その時かけられた陽乃さんの、ごくさりげない労いの言葉に何やら不穏な響きを感じ取った気がしたが、気のせいだと思い込むことにした。

654 :1 [sage]:2019/07/17(水) 20:48:02.42 ID:9g2X1Clv0

陽乃「急に押しかけるような形になってごめんなさいね。もしかして今からどこか出かけるつもりだったのかしら?」

八幡「いえ、大した用でもないんで。あー……、それで俺に用って何なんですか?」

本当は訊きたいことは他にあるのだが、とりあえずは来客に対して訪問の理由を聞くのがマナーというものだろう。


陽乃「ええ、そのことなんだけど ――― 」

手にしたカップをソーサーに戻す磁器の触れ合う乾いた音が軽く耳を擦る。

少し間をおいて陽乃さんが目を細めながらゆっくりと口を開き、思いがけないセリフを俺に告げた。
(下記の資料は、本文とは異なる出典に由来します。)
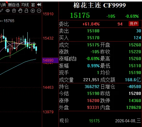 4月8日,郑棉主力2605合约报收于15175元/吨,跌105元/吨。

陽乃「 ――― 今朝起きてから、雪乃ちゃんの姿が見えないの。比企谷くん、何か心当たりないかしら?」

655 :1 [sage]:2019/07/17(水) 20:50:00.03 ID:9g2X1Clv0

では本日はこの辺で。続きはまた近日中に。ノシ
656 :1 [sage]:2019/07/19(金) 00:15:30.09 ID:U7GVPbHG0


八幡「 ………… 正直、見当もつきませんね」


雪ノ下が姿を消したという事実を耳にして、驚きのあまり一方ならず動揺してしまう。
そしてそんな俺の様子を、陽乃さんが冷静な目で凝っと見ているのが分かった。

八幡「雪ノ下 ――― いえ、妹さんと連絡がとれないと何か困ることでもあるんですか?」

普通なら一時的に妹と連絡がとれなくなったという多寡がそれだけの理由で、わざわざ朝早く他人の家まで押しかけて来たりはすまい。いや俺ならするかも知れないけれど。
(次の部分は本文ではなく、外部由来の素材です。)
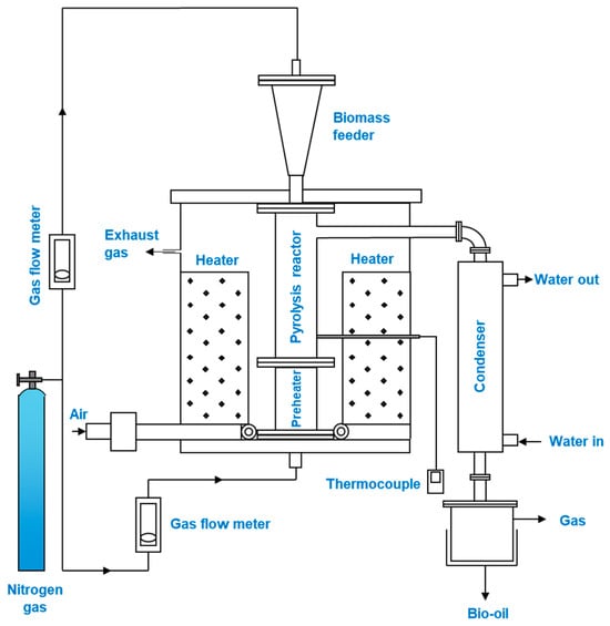 An entrained flow reactor, or a drop tube reactor, moves feedstock through a tube using the force of gravity [84]. Figure 3 illustrates the schematics of a typical entrained flow reactor used for pyrolysis. The reactor utilizes finely pulverized feedstock, which is fed into a high-temperature reactor where it is rapidly heated in an inert atmosphere to prevent oxidation. The reactor’s architecture allows for a constant influx of feed material and gases, facilitating uniform and efficient thermal processing with brief residence times, typically ranging from seconds to a few minutes. This leads to the efficient transformation of solid substances into gaseous and liquid products, which can then be gathered and processed.

もしかしたら何かしら差し迫った事情でもあるということなのだろうか。


陽乃「そうね。……… 実は今日、あの子と一緒に、今住んでいるマンションの解約手続きをしに行くことになっていたの」

昨日、陽乃さんが口にしていた“明日の事”とは、つまりその事だったのだろう。しかし、

八幡「その手続きってのは直接本人がいなきゃできないもんなんですか?」

俺も詳しくは知らないが、建物自体は元々親の持ち物らしいし、単に解約するだけなら管理会社に電話一本で済みそうな気もするのだが。
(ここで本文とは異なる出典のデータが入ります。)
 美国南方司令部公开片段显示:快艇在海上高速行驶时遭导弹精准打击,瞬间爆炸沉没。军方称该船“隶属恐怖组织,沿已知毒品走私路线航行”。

657 :1 [sage]:2019/07/19(金) 00:17:46.97 ID:U7GVPbHG0

陽乃「んー、別にそういう訳でもないんだけど …… 」

曖昧な言葉で濁しながら、彼女はそこで一旦言葉を切ったが、

陽乃「お母さんの反対を押し切って勝手にひとり暮らし始めたのは自分だから、最後まで自分でやるって言いだして」

次に口にしたその言葉に妙に納得してしまう。
なるほど、あいつだったらそれくらいのことを言い出しかねない。
もしかしたら雪ノ下にとってのそれは“けじめ”という意味も含まれていたのかもしれない。

陽乃「そうしたら、お母さんが“それならあなたも付き添ってあげなさい”って」

八幡「それってつまり、お目付け役ってことですか?」

途中で気が変わらないように最後まで見届けろ、ということなのだろう。

陽乃「嫌な言い方だけど、その通りね」 そう言って苦笑を浮かべて見せた。

658 :1 [sage]:2019/07/19(金) 00:21:24.71 ID:U7GVPbHG0

八幡「でも、あいつが行きそうなところだったら、俺なんかより貴女(あなた)の方がよっぽど心当たりがあるんじゃないですか?」

それにもし仮に俺が知っていたとしても、絶対に教えるわけがないことだって百も承知だろうに。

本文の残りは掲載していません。